Dr. Gary Habermas: Let me make three comments about the authorship of the Gospels. The first is, I think the traditional authors, Matthew, Mark, Luke, John, can be defended with a good deal of force. But in contemporary apologetics, R.T. France says, for example, that even if we don’t take the time to sit down and work through each of the traditional authors, you can still support the authenticity of the Gospels on this ground—the same one we do for Roman history—these are still the earliest stories, extended stories, about Jesus. And as such, they are due the respect of being the earliest historical pieces of data we have.
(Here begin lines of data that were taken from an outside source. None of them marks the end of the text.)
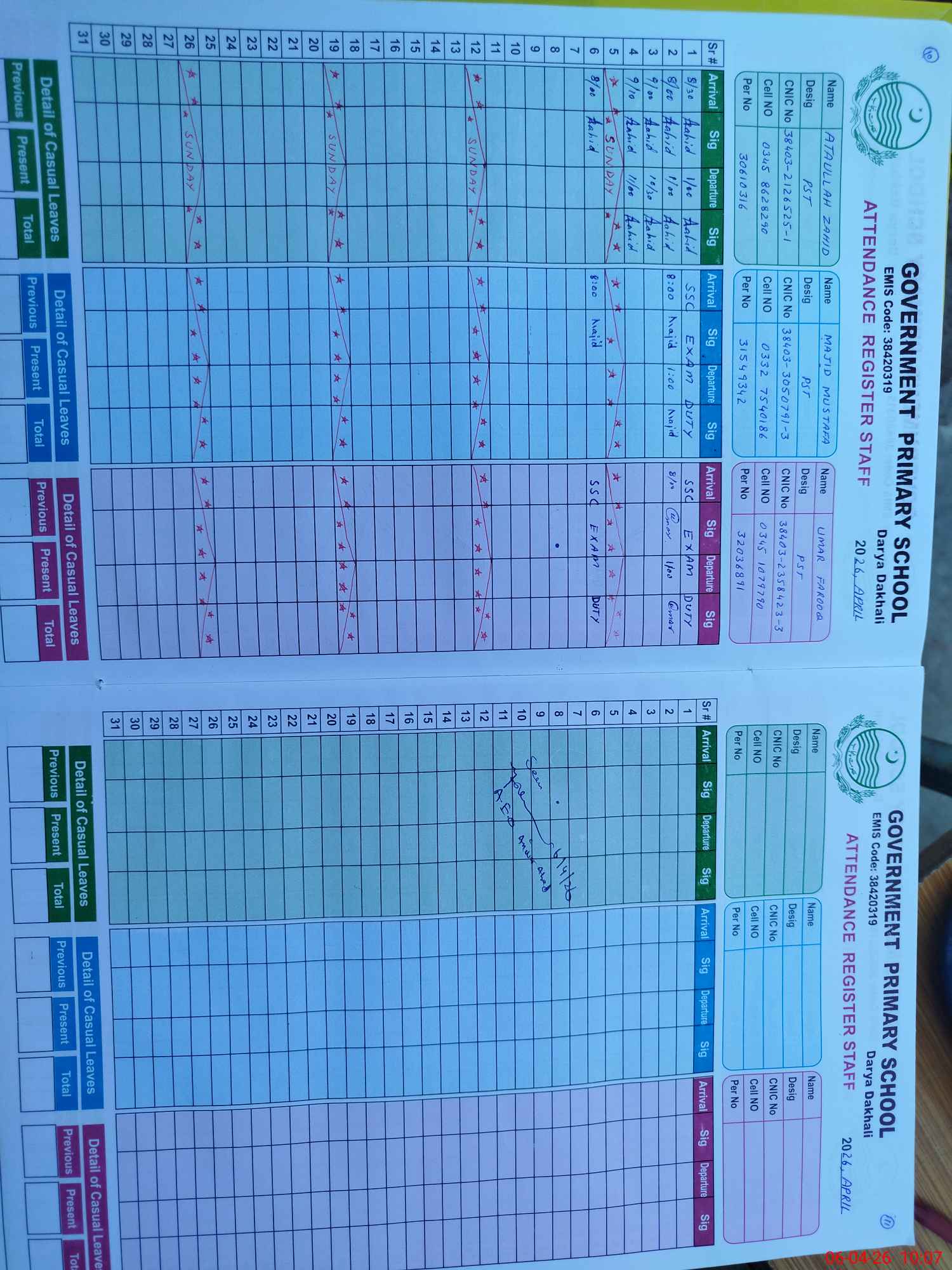 | 38**** | Um**** Fa**** | PST Science/Maths | Regular | 0 | 0 | 0 | 0 | 0 | 0 | 0 | 0 | 0 | Exam Duty |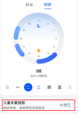 1. 点击儿童关爱提醒,绑定微信,关注微信公众号“HUAWEI WiFi”。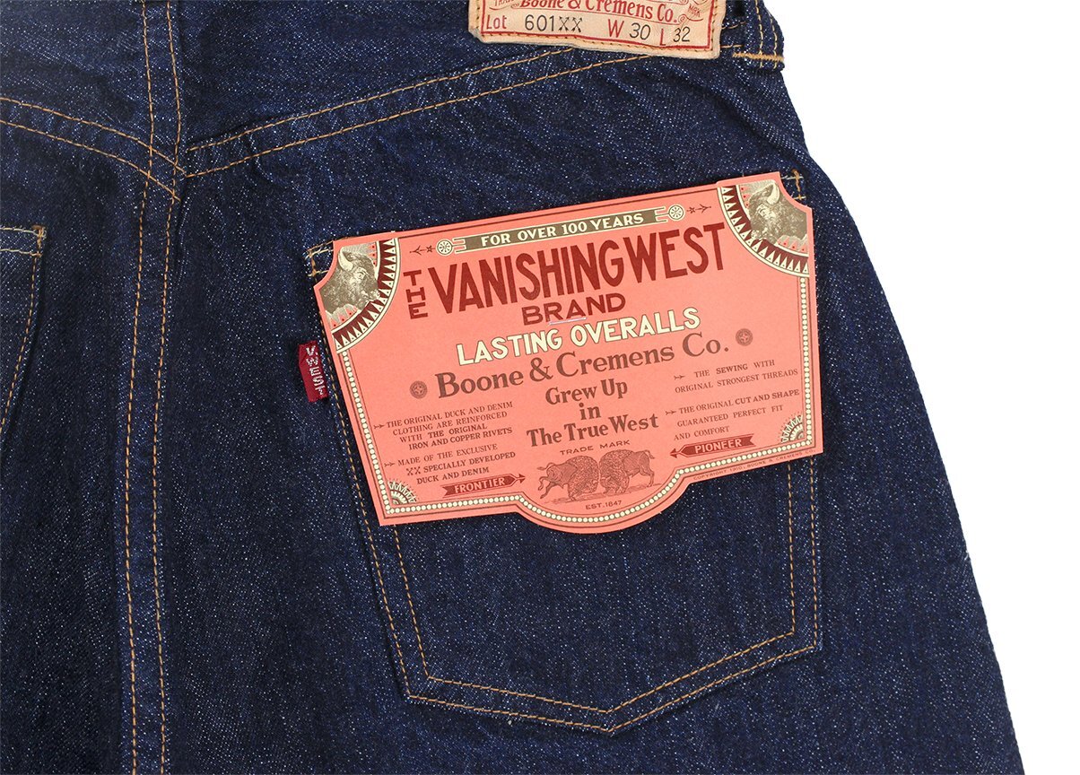 ポケットには両面に”V.WEST”の文字が入った赤タブが付きます。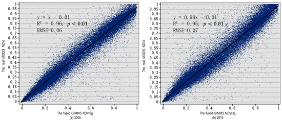 We summarized and plotted the values of pixels in the fused GIMMS NDVI3g image and the real MODIS NDVI image in 2000, 2005, 2010, and 2015, as shown in Figure 2. The fused GIMMS NDVI3g data and the real MODIS NDVI data were in good agreement. The scattered points of the pixels were evenly distributed along the trend line of , indicating a decent prediction effect.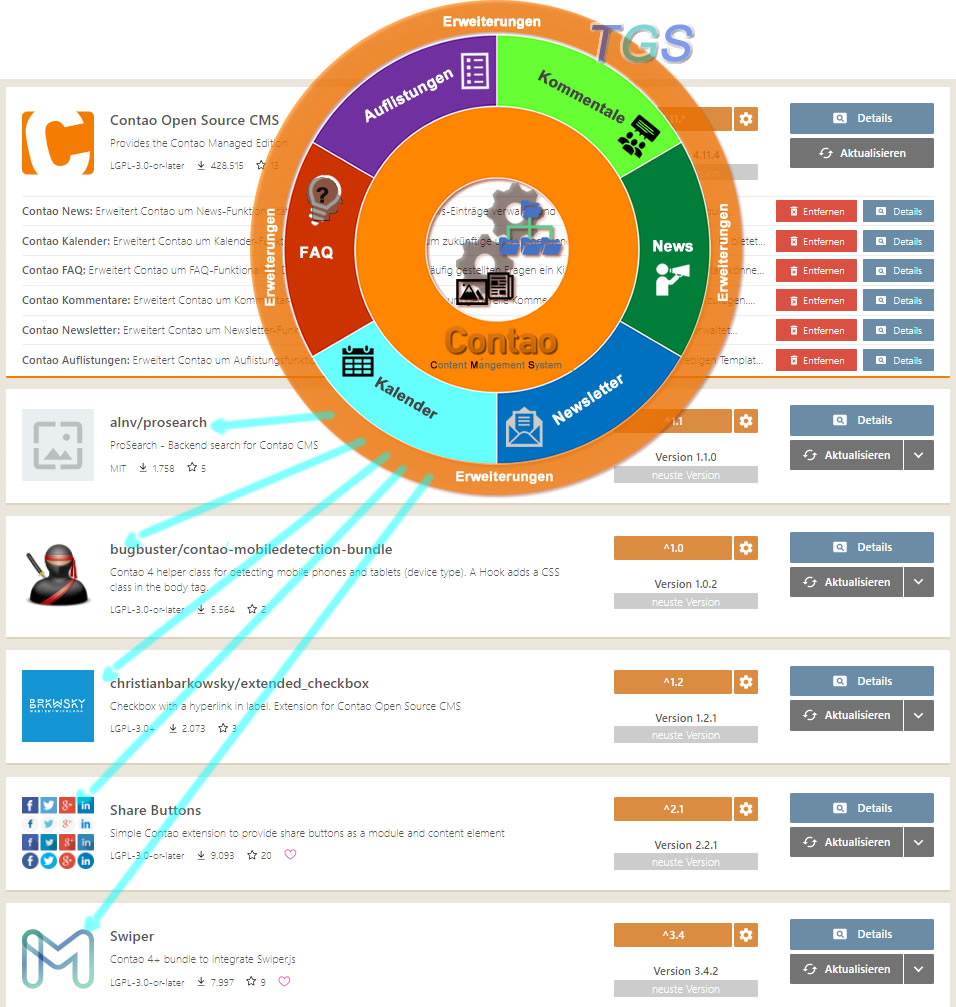 Für Contao existieren zusätzlich ca. 1450 Addon-Module/Erweiterungen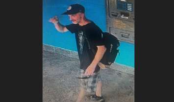 Lambton OPP is asking for help in identifying a man accused of damaging a change machine at a Petrolia business and stealing an undisclosed amount of money.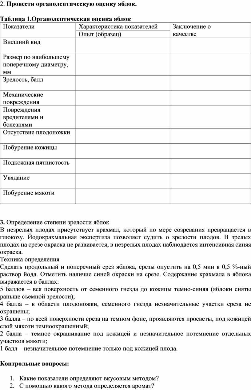 2. Провести органолептическую оценку яблок.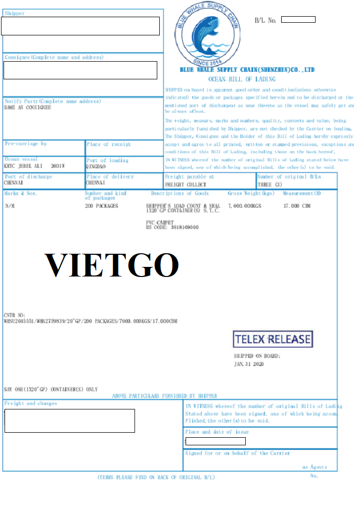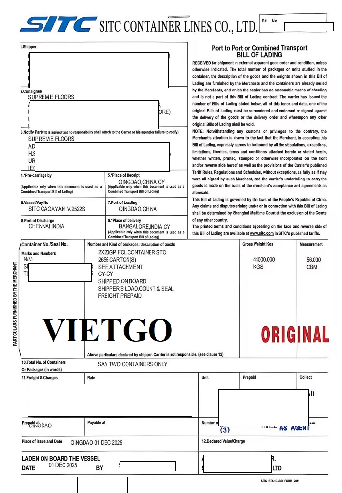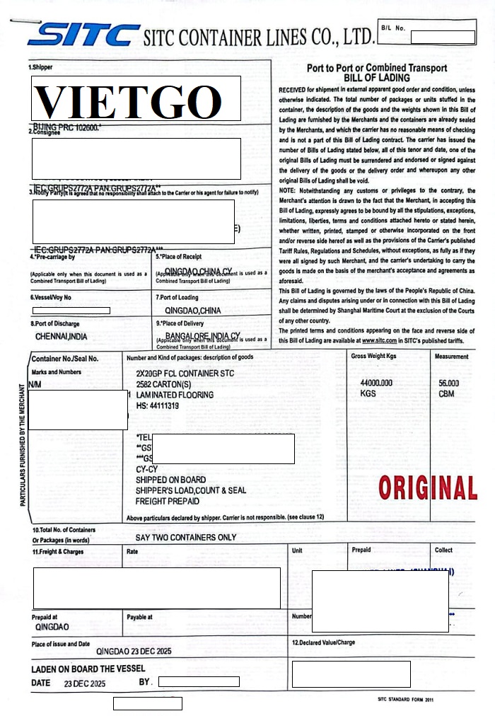 Dưới đây là hình ảnh các bản vận đơn vị khách hàng sẽ nhập khẩu sản phẩm ván sàn và ván laminate từ cảng Qingdao, Trung Quốc đến cảng Chennai và cảng Ennore, Ấn Độ.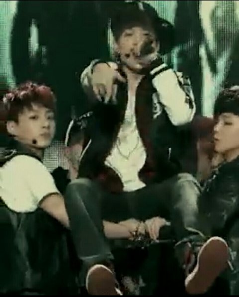 그리고 그위에 윤기가 뒤로 점프하는 그 안무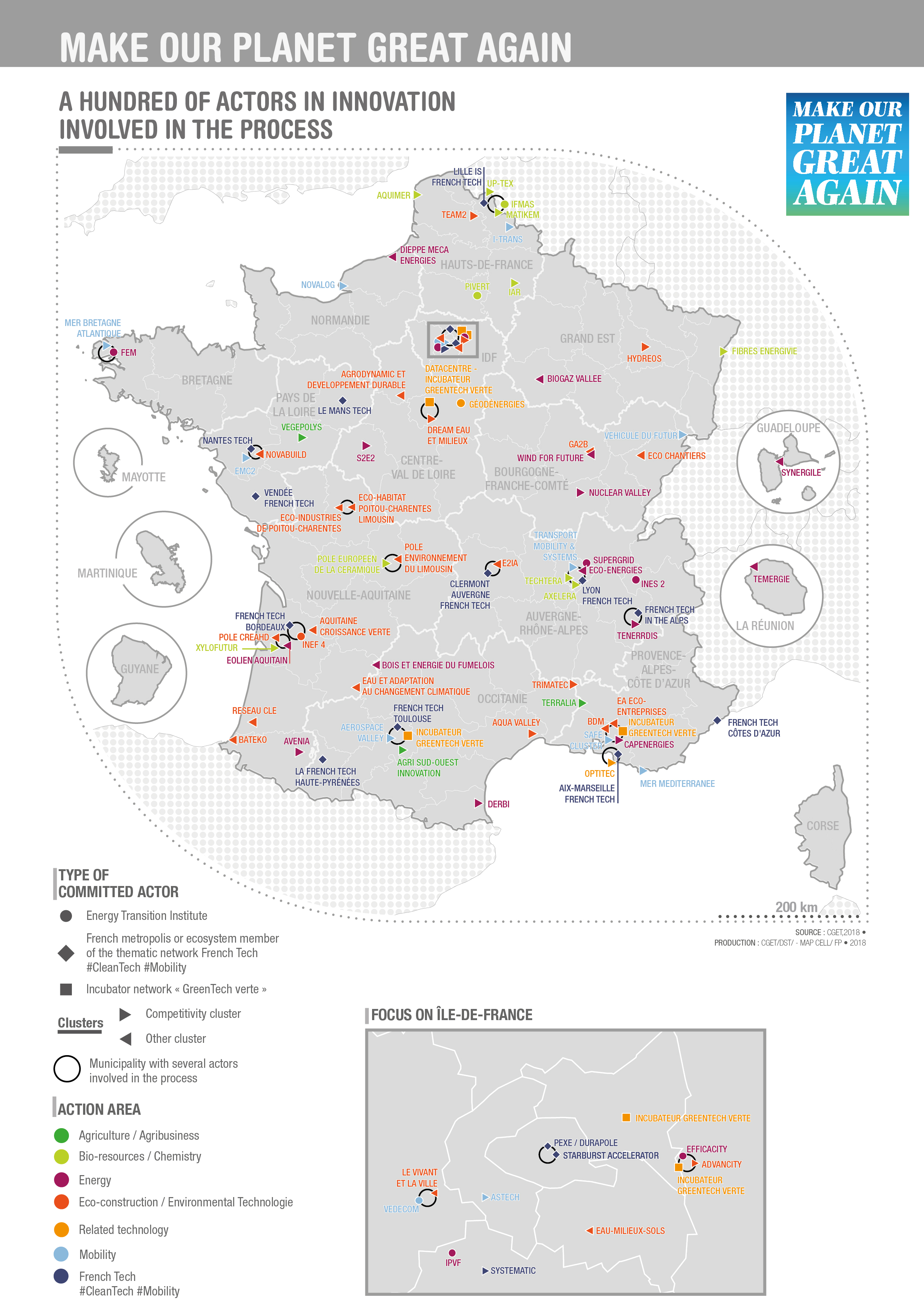 The actors involved in the "Make our Plant Great Again" approach are of different types: It can be an energy transition institute, a metropolis or a member of the French Tech network, a GreeenTech incubator or clusters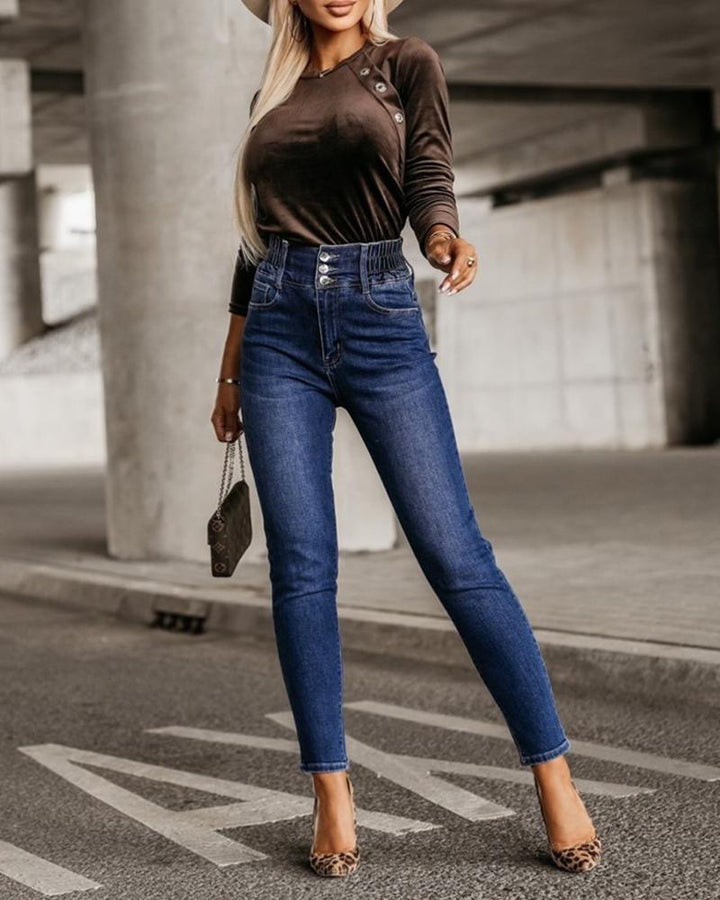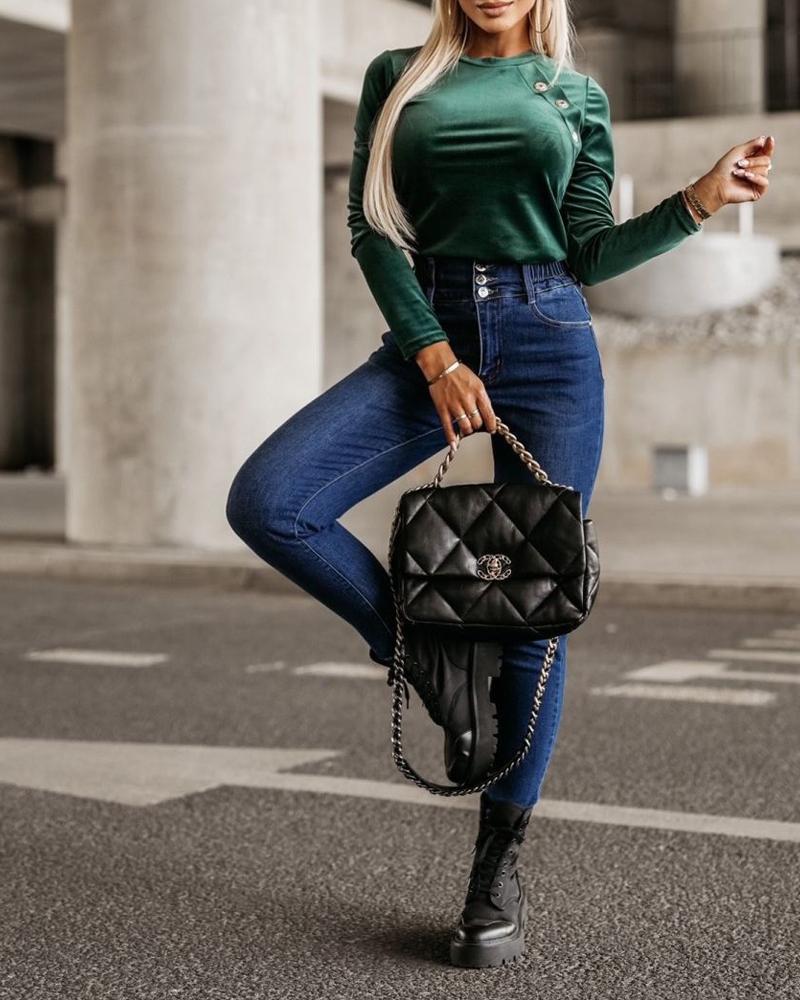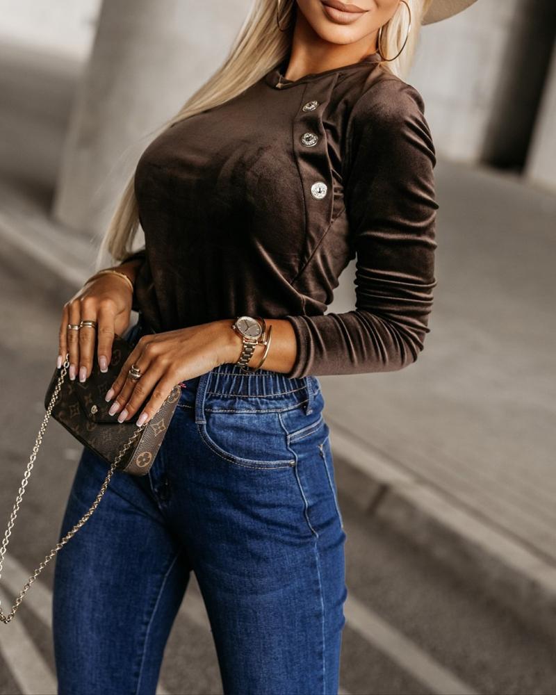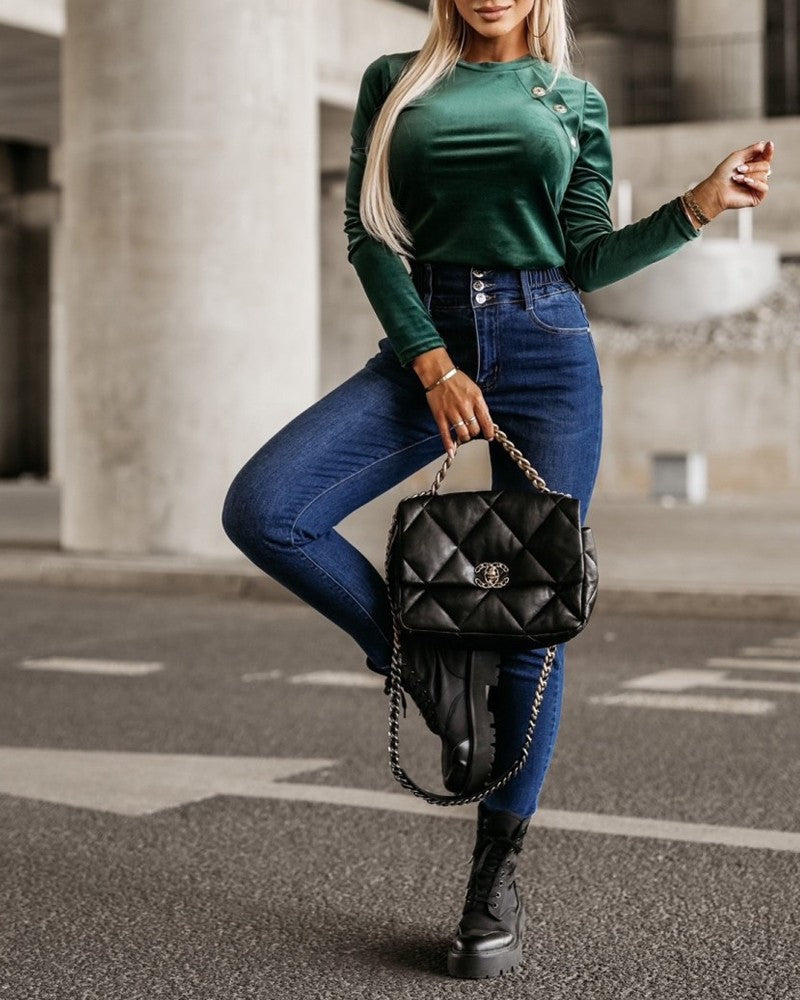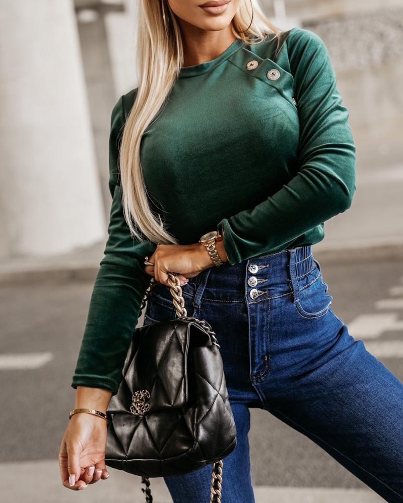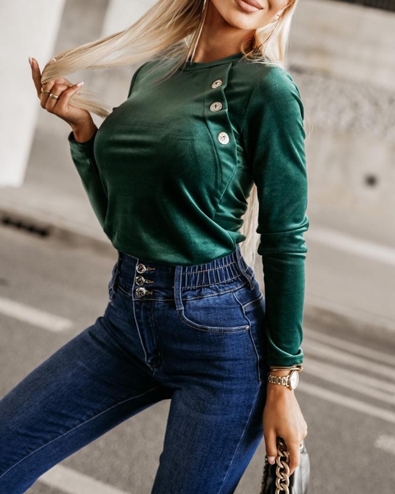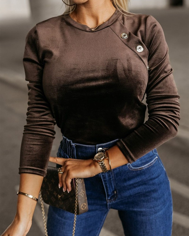 O Neck Buttoned Long Sleeve Velvet Top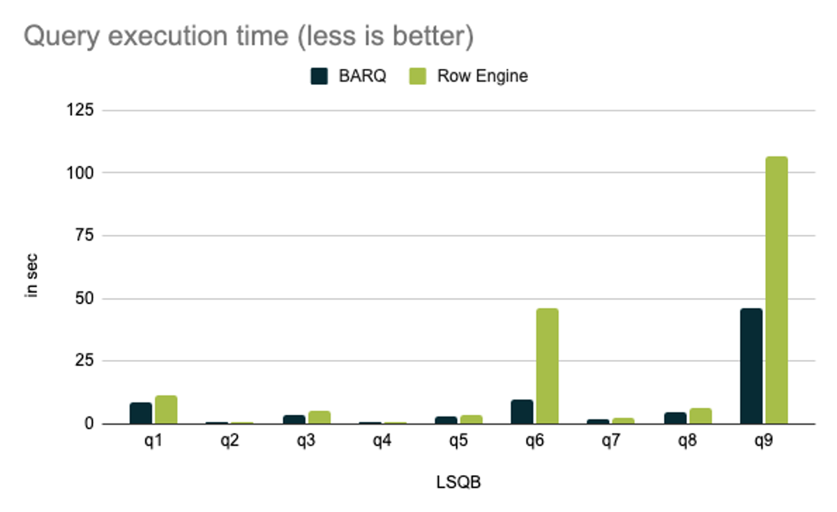 👉🏽 The key insight is that CPUs are very fast when doing simple tasks on data which can be accessed fast. The BARQ execution model supports this by replacing all existing row-based Stardog operators with versions which work on batched solutions with a columnar storage.

But let me go after it a third way: you’ve got traditional authors; you’ve got, if people don’t like that, you’ve got the earliest books that depict the whole life of Christ; but third, I favor a type of apologetic that builds from the ground up; that doesn’t say all these books are historical and therefore anything in them is true. I would take snippets of information. Now, today, as I tell my students over and over again: with critics, Paul is in, the Gospels are out. Well, for the Christian, Paul and the Gospels are Scripture. But if they’re going to give us Paul, why don’t we take Paul and build a case? And I would favor taking a few facts and building up the data around them and show that we can make our case based on these few facts alone.
There is a body of Pauline literature that can be accepted as historical by virtually everyone. Let me give you an example or two. G.A. Wells, the British Professor of German who has written a number of books arguing that Jesus probably never lived, G.A. Wells will still grant eight authentic Pauline letters. But that doesn’t satisfy the Christian who would like thirteen. But let’s, instead of being upset with him for what he doesn’t give us, let’s take what he does give us. Those eight include our most important doctrinal works, namely, Romans, 1 and 2 Corinthians, Galatians, and Philippians. He gives you all those. And so since Paul is a given, even for somebody like G.A. Wells who argues Jesus probably never existed, let’s use Paul. And when we’re talking about the resurrection of Jesus for an example, or the nature of the gospel, let’s look at 1 Corinthians 15, let’s look at Galatians 1, passages that are unanimously given. And that is precisely why the New Testament still gives us our best data. Because even looking at it as an irreducible minimum, or the lowest common denominator, we have plenty of data here to talk about Jesus of history.